The first Thursday in May is celebrated by cybersecurity experts as World Password Day. On that occasion, it is worth recalling some cautionary statistics.
“We all know that passwords are a problem. In our phishing campaigns, nine percent of users give up their name and password,” says David Picha, our sales manager.
Phishing is a social engineering technique that ethical hackers use as part of penetration testing to find out how much of a risk a company is to its own employees. Phishing involves sending email messages that look trustworthy and attempt to lure sensitive information from users, such as just access to computers or applications, or entice them to click on a potentially dangerous link. According to Integra’s statistics, on average 36% of people will click through a link without thinking.
Ethical hackers often pose as internal IT helpdesk staff in large companies, for example, and test employees’ vigilance over the phone. “We’re more than twice as successful over the phone as we are in a phishing test. People trust a made-up story without realising they don’t actually know who they’re talking to,” warns Picha.
Cybersecurity experts offer a number of cautionary facts, such as:
- 60% of people use the same password on multiple sites
- 47% of people admit to using passwords that are at least five years old
- 13% use the same password across all sites and devices they own
- 91% of people know they shouldn’t reuse their passwords, but 59% admit to doing it anyway
“Companies should teach employees to use a password manager and establish a zero-trust approach that assumes the employee will succumb to an attack,” recommends cybersecurity specialist David Picha. The zero-trust principle gives users access only with the necessary permissions and only for the necessary amount of time.
After obtaining the employee’s access credentials, the hacker tries to get as deep into the network as possible and, for example, use a ransomware attack to encrypt the data.
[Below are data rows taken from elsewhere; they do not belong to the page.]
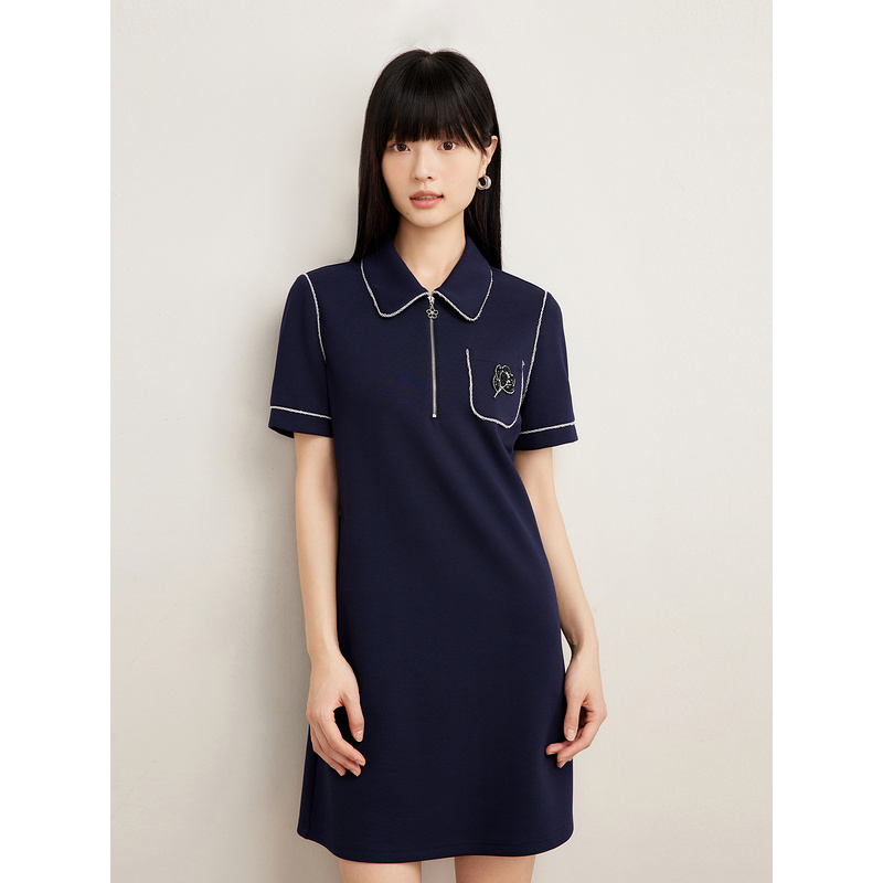 连衣裙 百搭POLO领针织刺绣LOGO短袖 Goodland美地女装 夏季
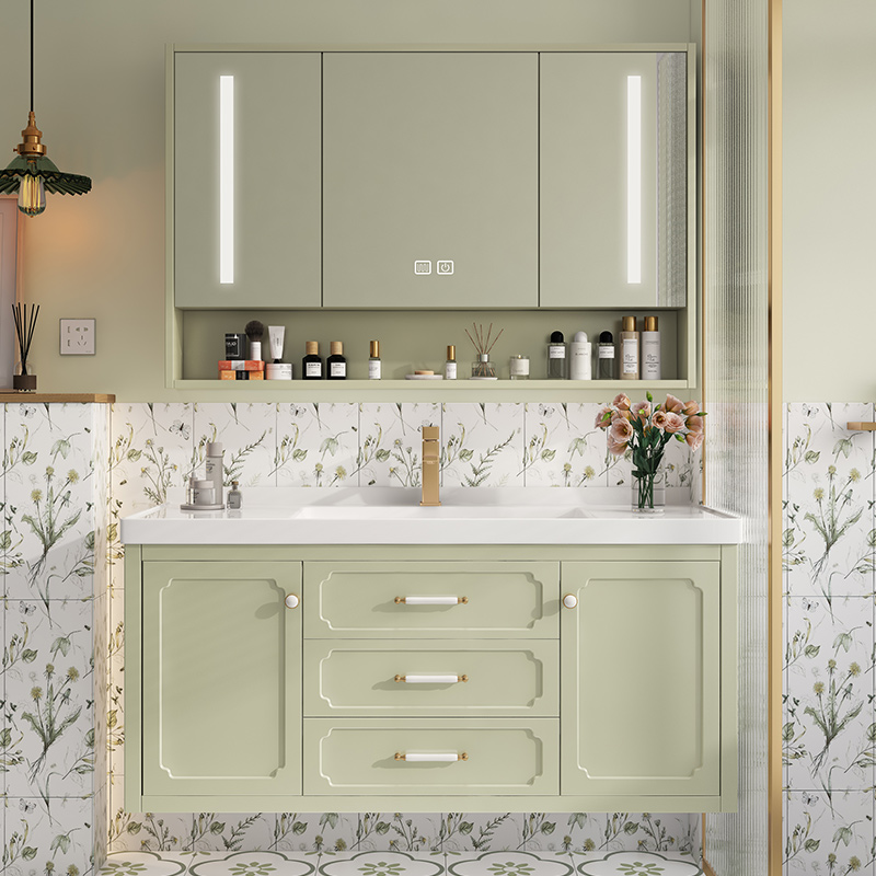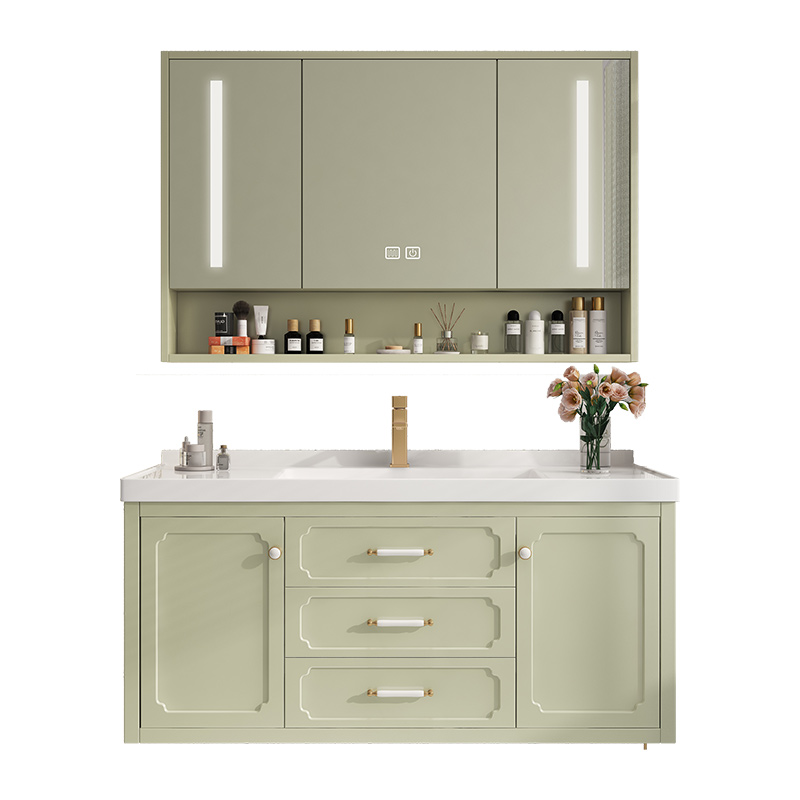 Consult customer service to enjoy Double Eleven event price Imported logs are placed for free installation with the same milky white 0 6m cream green gold frame round mirror combination ceramic basin 0 7m cream green gold frame round mirror combination ceramic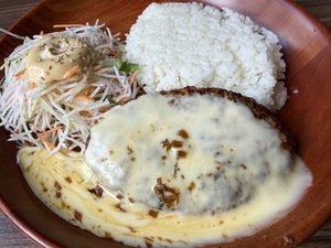 ふっくらジューシーなハンバーグに、たっぷりのチーズ。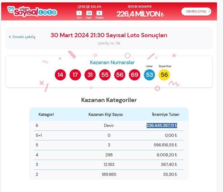 Çılgın Sayısal Loto 30 Mart çekilişi sonucunda 6 bilen çıkmayınca büyük ikramiye devretti. Devreden ikramiye tutarı 226 milyon 445 bin 267 lira olarak tespit edildi.
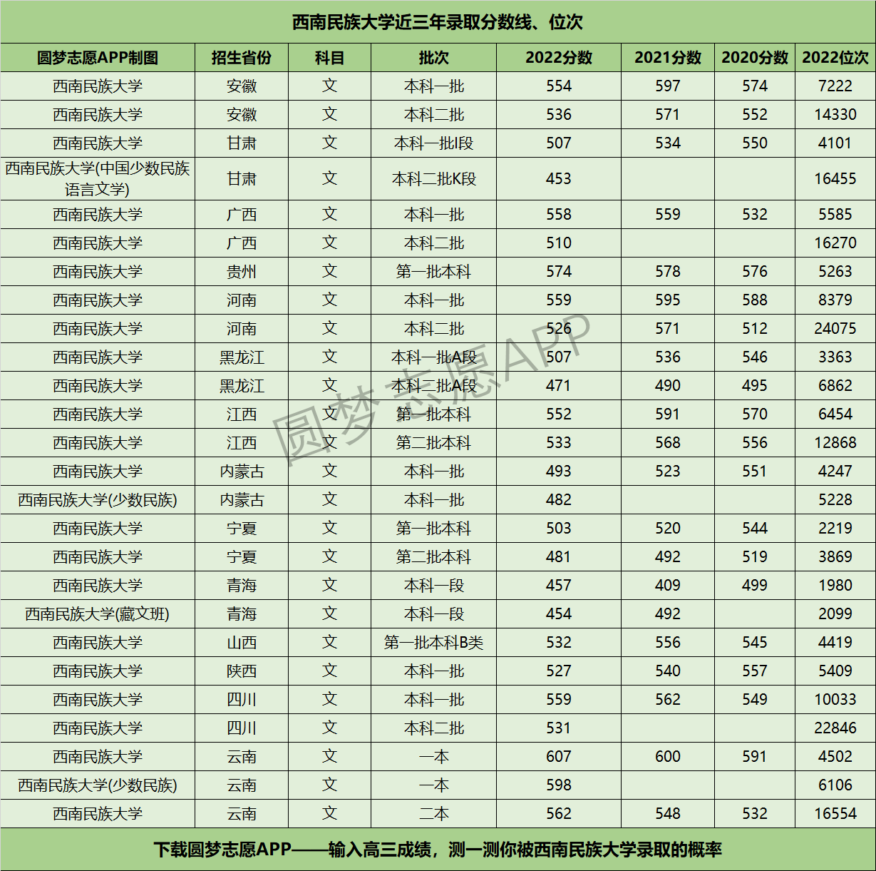 二、西南民族大学近三年录取分数线及位次【文科版】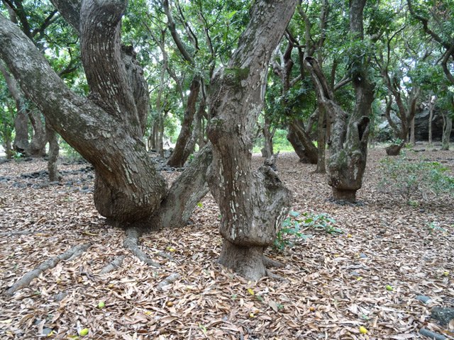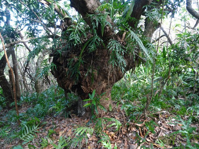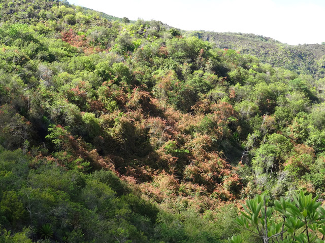 J'ai déjà parlé sur d'autres fiches de cette liane très envahissante présente dans le Nord et l'Ouest de l'île. La liane papillon ou liane de cerf (Hiptage benghalensis (L.) Kurz.) envahit des pans de remparts au point de les envahir totalement. En fin d'année, ses nouvelles feuilles tendant vers le rouge, permettent de la voir de loin et ainsi de se rendre compte du danger qu'elle représente pour toute la végétation qu'elle recouvre avant de l'étouffer et de la remplacer. Sachant qu'il en est de même de la vigne marronne, des bringeliers, goyaviers ou galaberts dans les autres régions, on peut facilement imaginer ce que seront nos forêts de bois de couleurs dans quelques décennies. Considérons-nous comme chanceux d'avoir pu arpenter les sentiers réunionnais avant que toutes ces nouvelles plantes ne fassent partie de notre univers. Sachant que c'est le plus souvent l'homme qui est à l'origine de ces colonisations végétales, espérons que les quelques sentiers botaniques encore en bon état le demeureront pour longtemps encore à titre de mémoire du passé.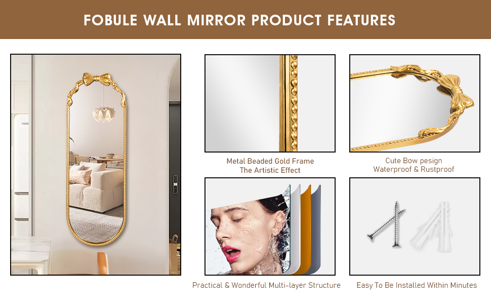 HD ومقاومة للانفجار - تعتمد مرآتنا الذهبية العتيقة الفنية الفاخرة على مرآة زجاجية فضية عالية الدقة مقاس 4 مم غير قابلة للتشويه لتوفير انعكاس واضح وتصميم عصري بسيط. بالإضافة إلى ذلك، يمكن للفيلم المقاوم للانفجار أن يحافظ على سلامة عائلتك بمجرد كسر مرآة الحائط.
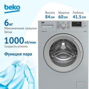 Стиральная машина Beko WSRE6512ZSS в корпусе серого цвета оборудована нагревательным элементом Hi-Tech. Во время работы уровень шума не превышает 77 дБ. В прибор заложено 13 автоматических режимов. Объем барабана — 39 л, в него помещается до 6 кг белья. Скорость отжима регулируется (до 1000 об/мин). За один цикл устройство расходует 48 л воды. В этой модели реализованы защита от детей, протечек, функция контроля пенообразования и дисбаланса, есть механизм мягкого открывания двери. Таймер отложенного старта можно установить на 19 часов. Управление обеспечивает электронно-механическая панель с дисплеем. Габариты конструкции — 84х60х41,5 см, вес — 55 кг. 26 290,00 ₽ / шт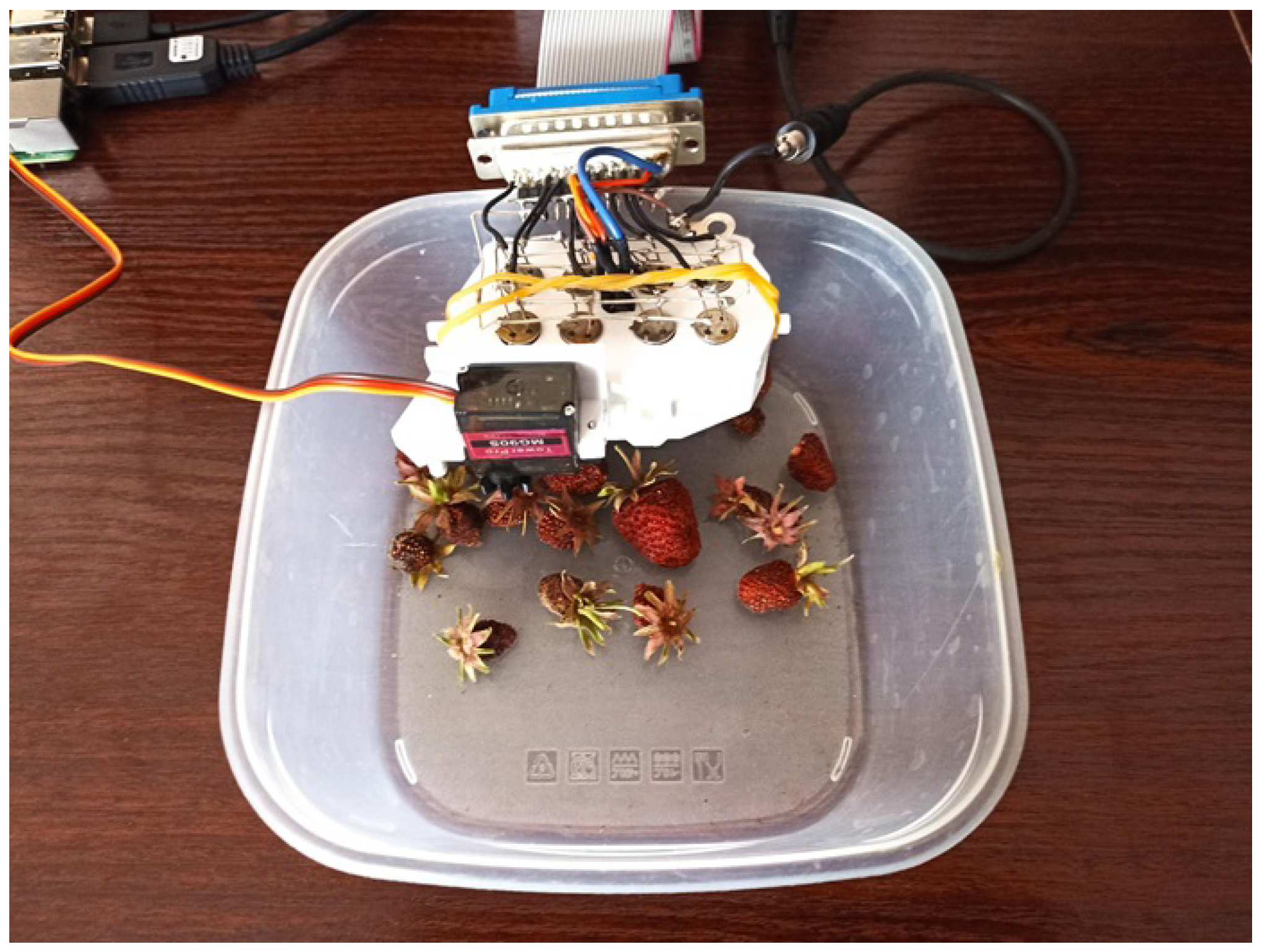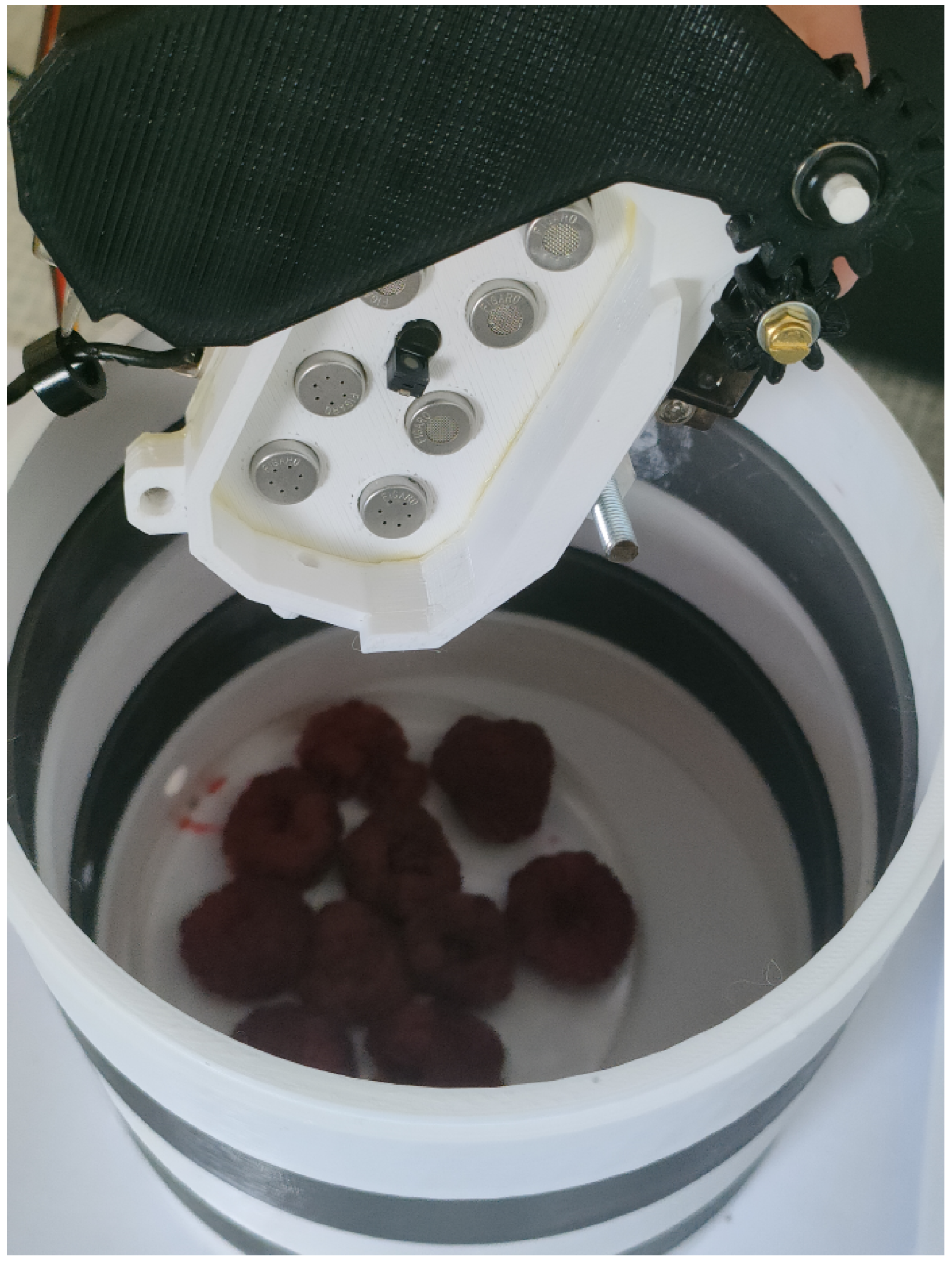 A handful of fresh strawberries was put inside a plastic box, and the electronic nose sensor array was applied to the box as it is presented in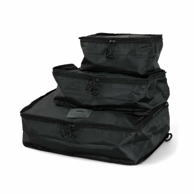 Nähe's Travel Packing Bag is a convenient pouch that allows you to pack your luggage efficiently. It features a zipper pocket on the back for easy access to your essentials. Inside there is a mesh bag attached, to store worn clothes before washing.

We often simulate this type of attack (without encryption, of course) with a penetration test to determine its possible consequences. “Continuous education is an important part of prevention – once a year really isn’t enough,” concludes the expert.
Phishing is a technique for capturing sensitive data on the Internet. A phishing campaign costs in the order of tens of thousands of crowns, a full penetration test costs hundreds of thousands of crowns depending on the size of the company, but protects against multimillion-dollar damage.